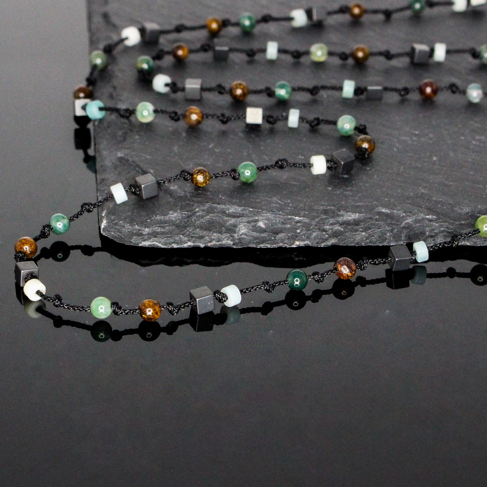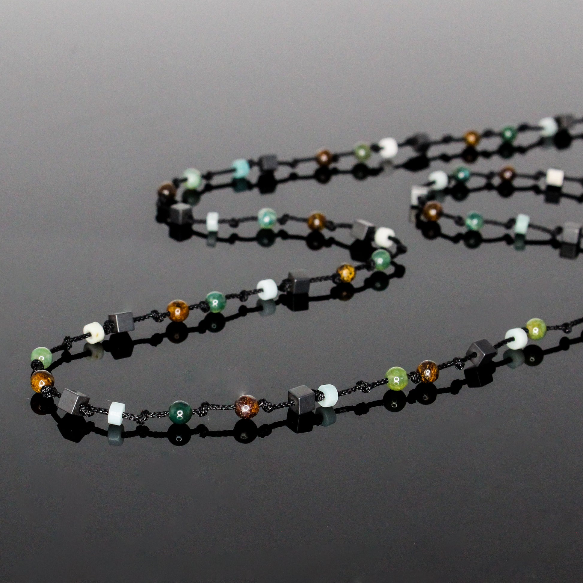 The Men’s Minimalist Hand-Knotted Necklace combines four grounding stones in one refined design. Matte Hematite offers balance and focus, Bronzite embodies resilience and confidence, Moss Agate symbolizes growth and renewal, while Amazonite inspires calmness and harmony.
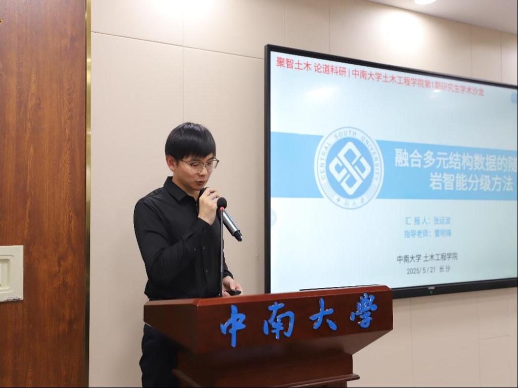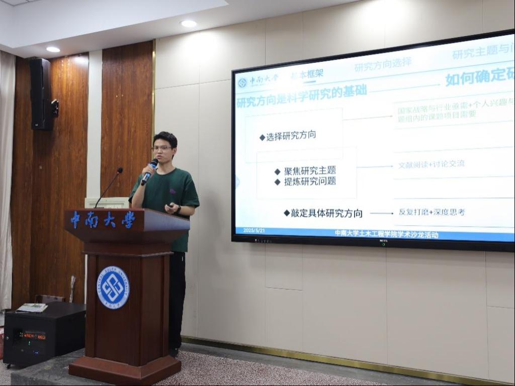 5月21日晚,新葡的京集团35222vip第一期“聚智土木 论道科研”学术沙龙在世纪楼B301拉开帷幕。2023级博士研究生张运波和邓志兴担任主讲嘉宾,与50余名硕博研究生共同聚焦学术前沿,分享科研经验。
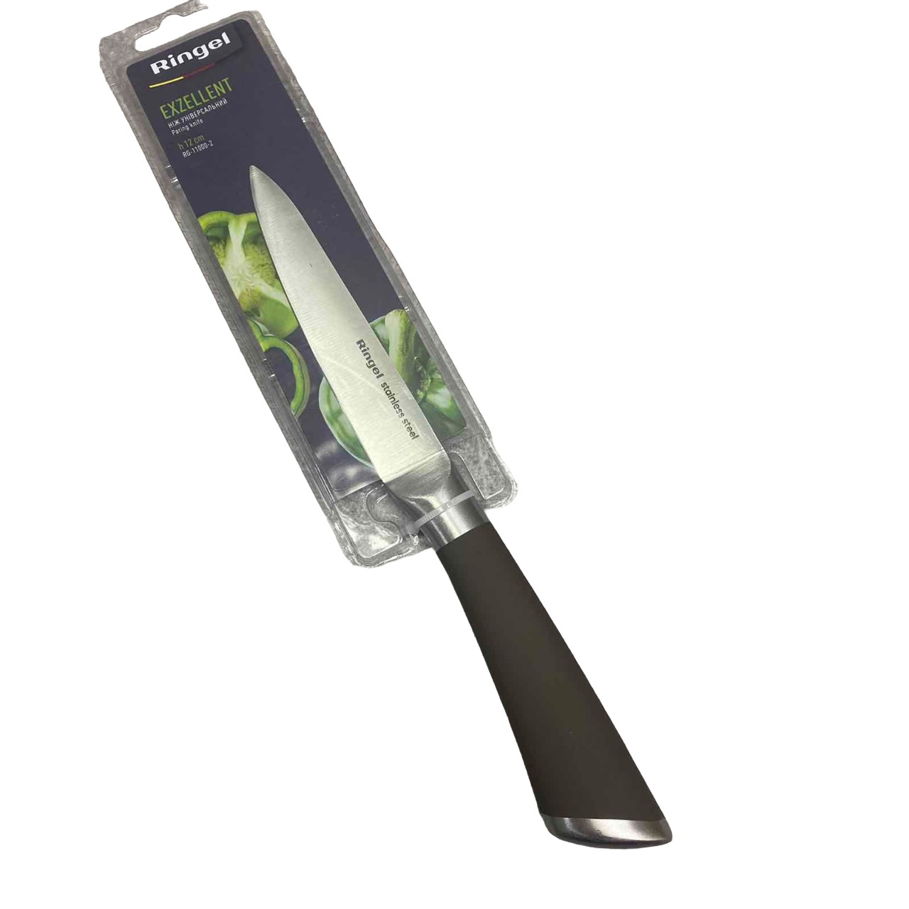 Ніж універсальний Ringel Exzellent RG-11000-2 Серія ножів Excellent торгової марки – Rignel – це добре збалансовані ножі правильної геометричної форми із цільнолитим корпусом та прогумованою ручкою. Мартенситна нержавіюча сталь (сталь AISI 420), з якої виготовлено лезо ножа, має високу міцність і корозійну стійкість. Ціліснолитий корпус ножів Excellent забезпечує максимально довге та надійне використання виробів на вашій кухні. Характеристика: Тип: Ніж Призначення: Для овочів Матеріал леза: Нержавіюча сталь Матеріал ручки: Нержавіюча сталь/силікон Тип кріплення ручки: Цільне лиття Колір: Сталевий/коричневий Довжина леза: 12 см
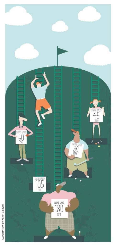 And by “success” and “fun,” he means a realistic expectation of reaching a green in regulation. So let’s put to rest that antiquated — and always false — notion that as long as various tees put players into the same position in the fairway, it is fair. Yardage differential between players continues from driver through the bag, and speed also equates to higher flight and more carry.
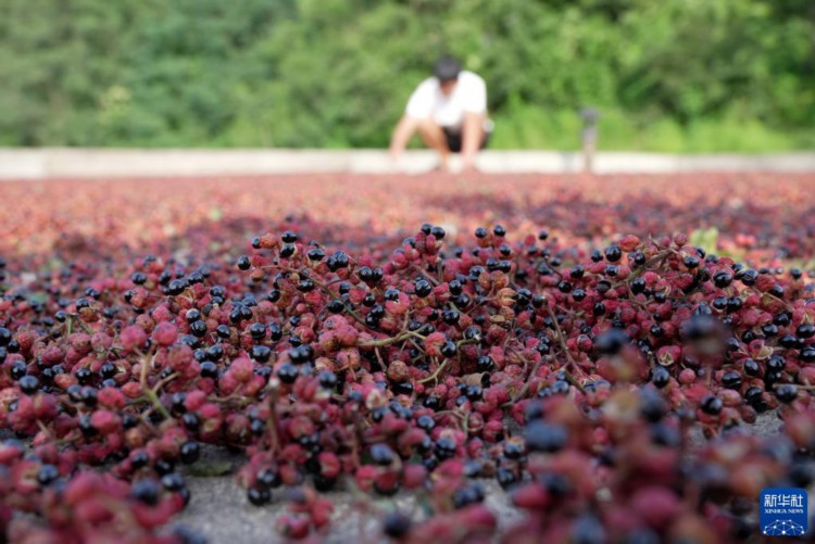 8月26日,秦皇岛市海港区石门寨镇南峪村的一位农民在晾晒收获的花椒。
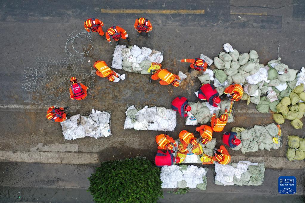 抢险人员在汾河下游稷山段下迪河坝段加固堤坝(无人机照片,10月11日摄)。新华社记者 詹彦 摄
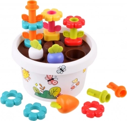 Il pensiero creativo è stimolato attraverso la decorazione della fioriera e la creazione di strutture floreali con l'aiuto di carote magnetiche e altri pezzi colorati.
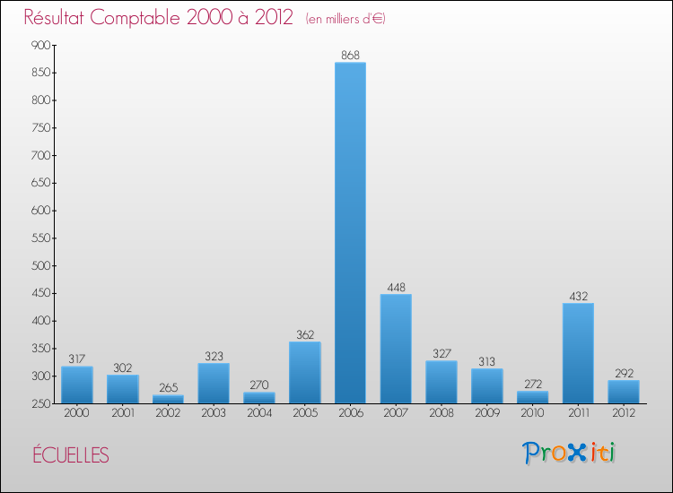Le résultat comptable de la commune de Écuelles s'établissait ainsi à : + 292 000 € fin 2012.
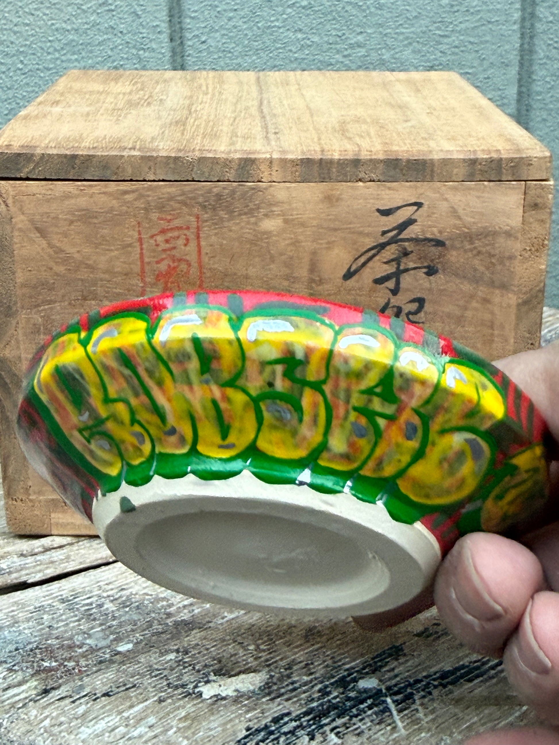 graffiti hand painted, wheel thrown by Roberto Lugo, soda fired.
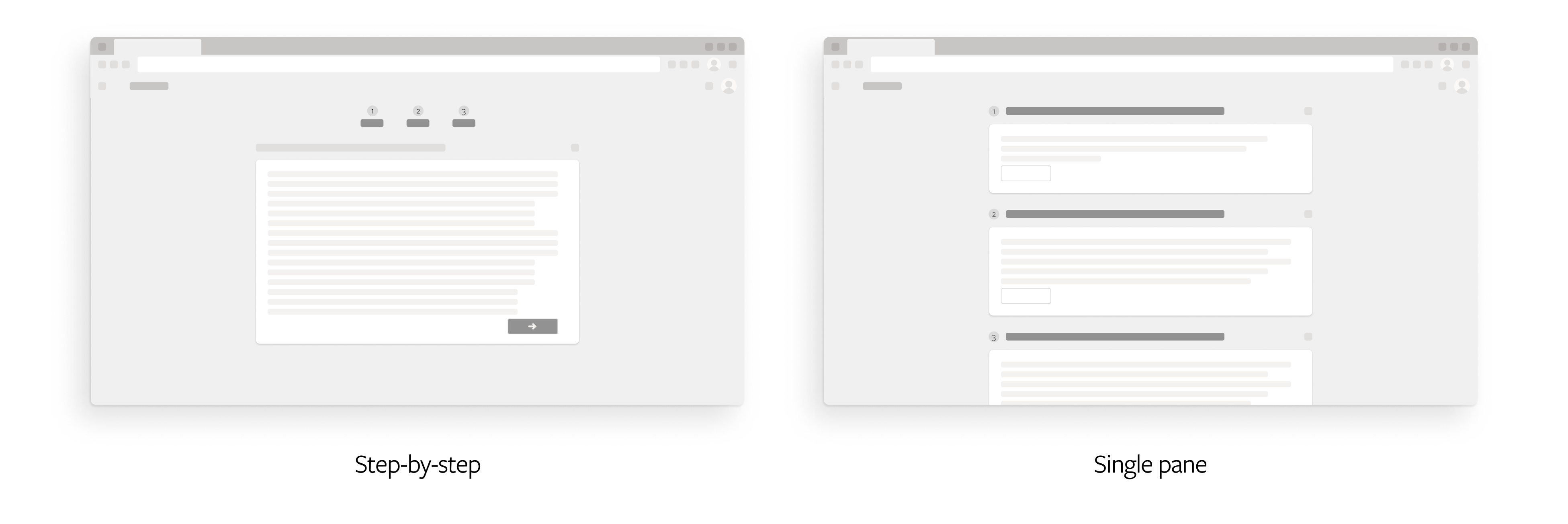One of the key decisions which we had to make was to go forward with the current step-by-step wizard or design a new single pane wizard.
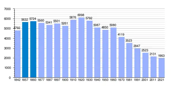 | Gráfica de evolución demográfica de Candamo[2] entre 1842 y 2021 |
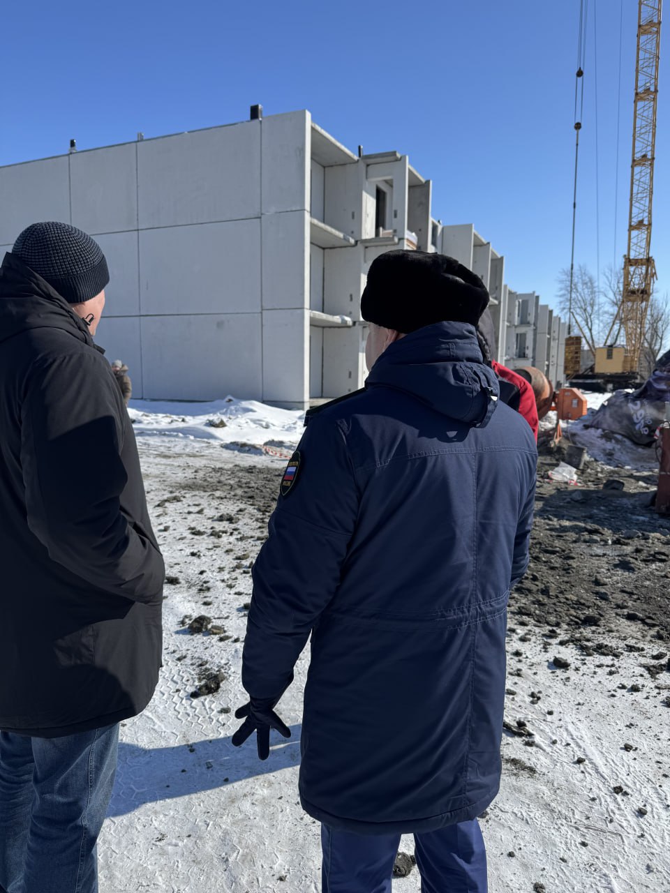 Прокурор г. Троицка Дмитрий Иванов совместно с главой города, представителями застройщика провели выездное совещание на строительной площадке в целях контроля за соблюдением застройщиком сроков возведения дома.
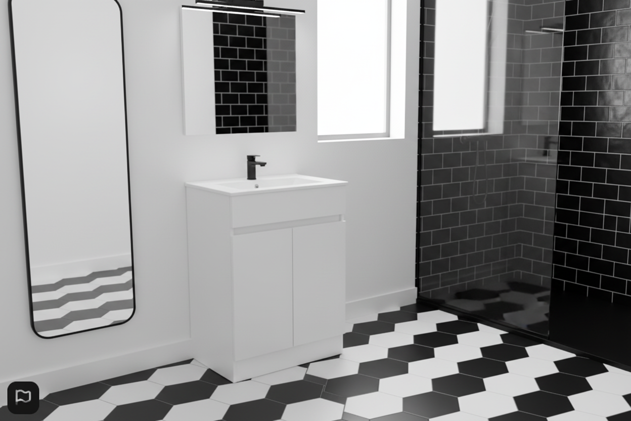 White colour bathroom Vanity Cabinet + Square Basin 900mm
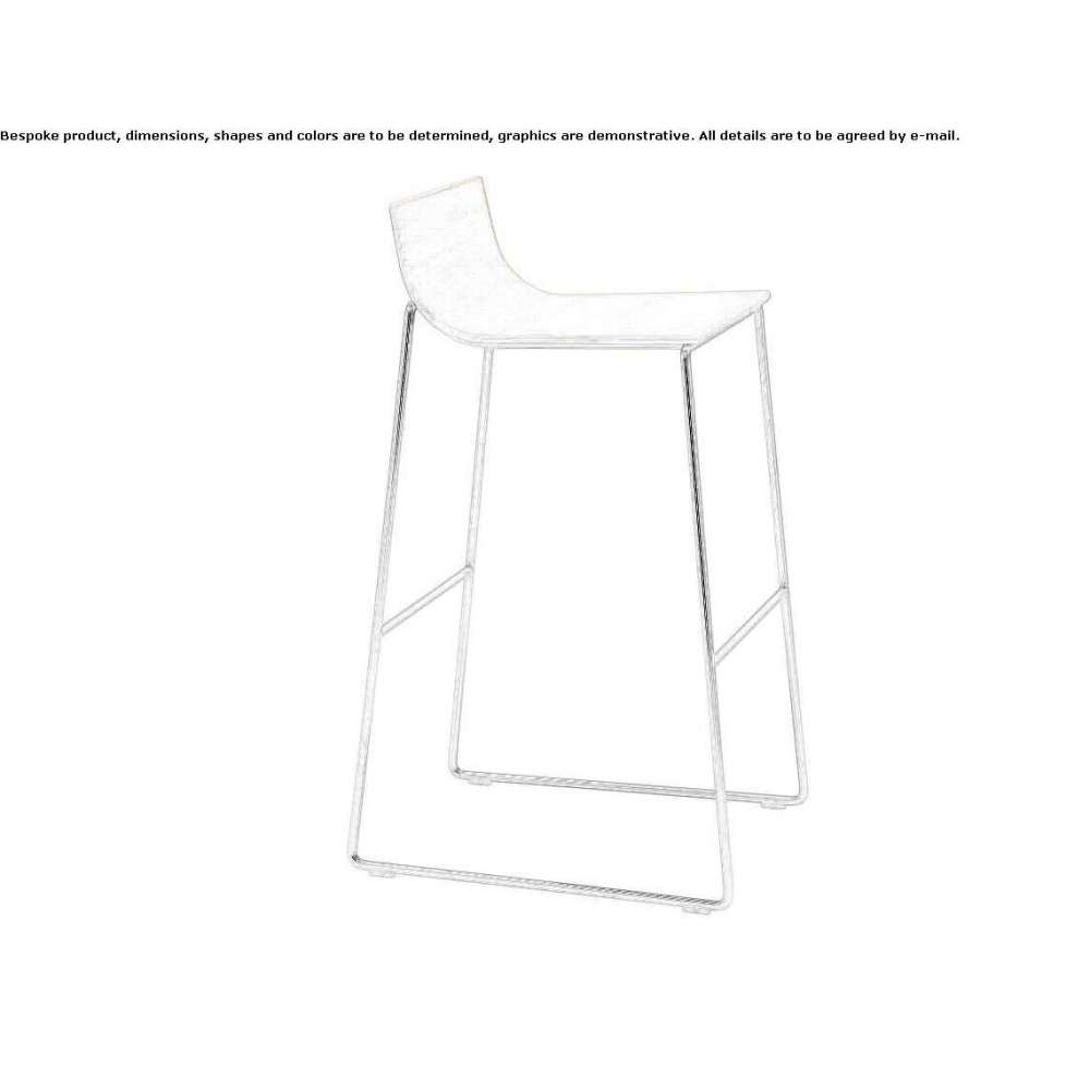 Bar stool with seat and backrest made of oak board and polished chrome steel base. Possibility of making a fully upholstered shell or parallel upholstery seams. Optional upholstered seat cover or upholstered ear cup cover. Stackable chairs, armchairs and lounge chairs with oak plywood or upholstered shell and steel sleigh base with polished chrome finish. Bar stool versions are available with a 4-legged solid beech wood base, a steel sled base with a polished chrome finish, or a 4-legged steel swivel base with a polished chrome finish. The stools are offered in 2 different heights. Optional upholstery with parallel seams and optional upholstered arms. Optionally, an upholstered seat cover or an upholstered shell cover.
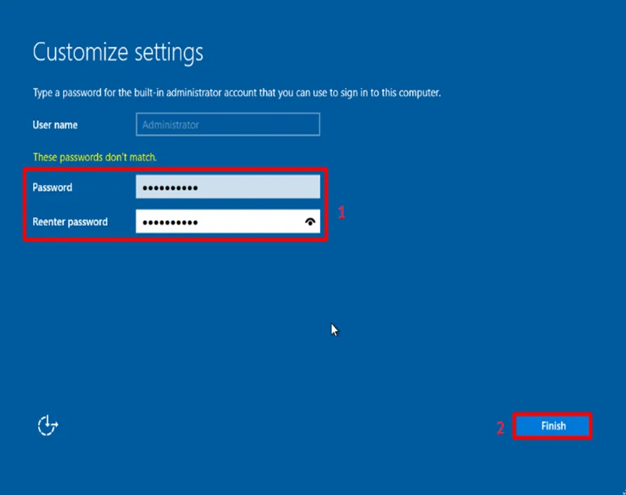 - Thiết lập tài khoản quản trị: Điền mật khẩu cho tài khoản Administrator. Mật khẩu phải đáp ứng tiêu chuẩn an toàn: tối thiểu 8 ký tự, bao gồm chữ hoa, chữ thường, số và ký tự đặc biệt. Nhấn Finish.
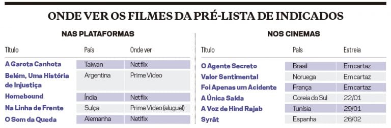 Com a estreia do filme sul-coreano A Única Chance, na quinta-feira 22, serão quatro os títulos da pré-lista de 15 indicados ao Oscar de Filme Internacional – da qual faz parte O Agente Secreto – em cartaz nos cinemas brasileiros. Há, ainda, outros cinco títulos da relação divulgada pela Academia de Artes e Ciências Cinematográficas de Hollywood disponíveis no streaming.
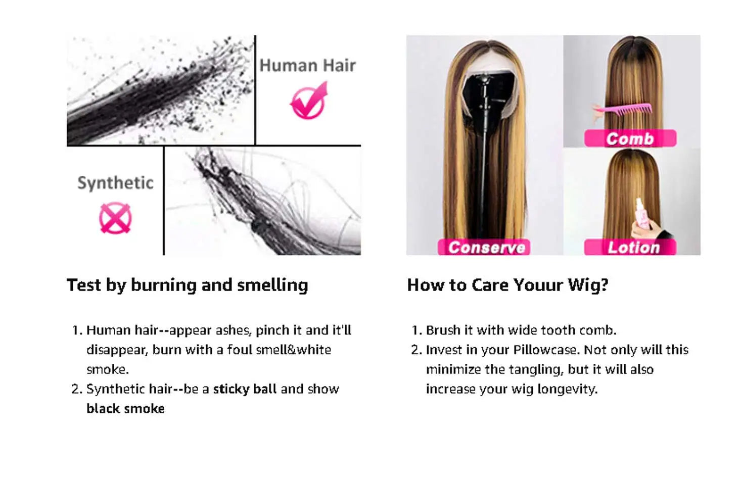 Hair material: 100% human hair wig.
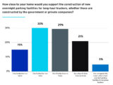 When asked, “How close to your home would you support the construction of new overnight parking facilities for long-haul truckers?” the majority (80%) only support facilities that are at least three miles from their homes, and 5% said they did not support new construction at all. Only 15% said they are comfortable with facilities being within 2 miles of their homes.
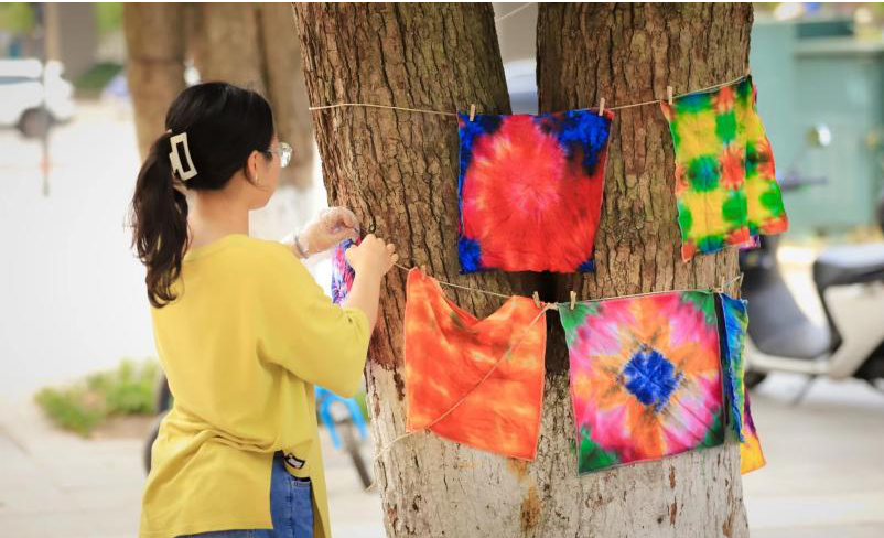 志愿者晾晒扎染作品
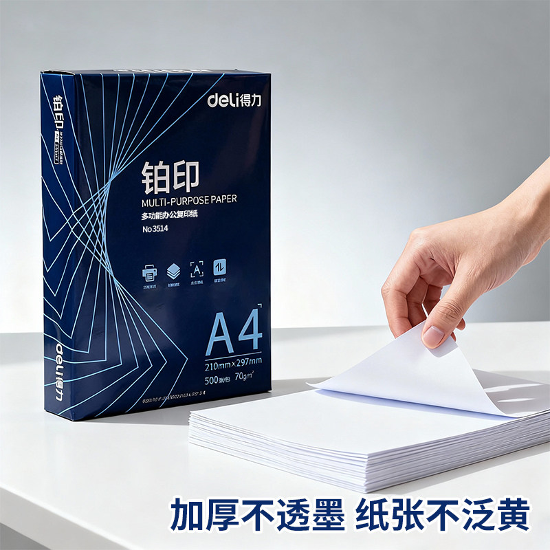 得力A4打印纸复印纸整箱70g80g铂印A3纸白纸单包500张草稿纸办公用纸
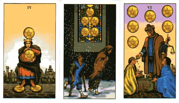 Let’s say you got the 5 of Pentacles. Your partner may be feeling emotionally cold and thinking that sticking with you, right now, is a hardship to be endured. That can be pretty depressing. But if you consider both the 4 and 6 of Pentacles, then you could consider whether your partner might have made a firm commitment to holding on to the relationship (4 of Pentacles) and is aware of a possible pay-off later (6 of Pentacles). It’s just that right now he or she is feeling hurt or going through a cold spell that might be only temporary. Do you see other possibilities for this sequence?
-*-*-
What the task requires: Copy only what lies between the line with "and more carry." and the line with "1842 y 2021 |", those two lines included, exactly as given above; pictures stay out.

Answer to this exercise:
 And by “success” and “fun,” he means a realistic expectation of reaching a green in regulation. So let’s put to rest that antiquated — and always false — notion that as long as various tees put players into the same position in the fairway, it is fair. Yardage differential between players continues from driver through the bag, and speed also equates to higher flight and more carry.
 8月26日,秦皇岛市海港区石门寨镇南峪村的一位农民在晾晒收获的花椒。
 抢险人员在汾河下游稷山段下迪河坝段加固堤坝(无人机照片,10月11日摄)。新华社记者 詹彦 摄
 Il pensiero creativo è stimolato attraverso la decorazione della fioriera e la creazione di strutture floreali con l'aiuto di carote magnetiche e altri pezzi colorati.
Le résultat comptable de la commune de Écuelles s'établissait ainsi à : + 292 000 € fin 2012.
 graffiti hand painted, wheel thrown by Roberto Lugo, soda fired.
One of the key decisions which we had to make was to go forward with the current step-by-step wizard or design a new single pane wizard.
 | Gráfica de evolución demográfica de Candamo[2] entre 1842 y 2021 |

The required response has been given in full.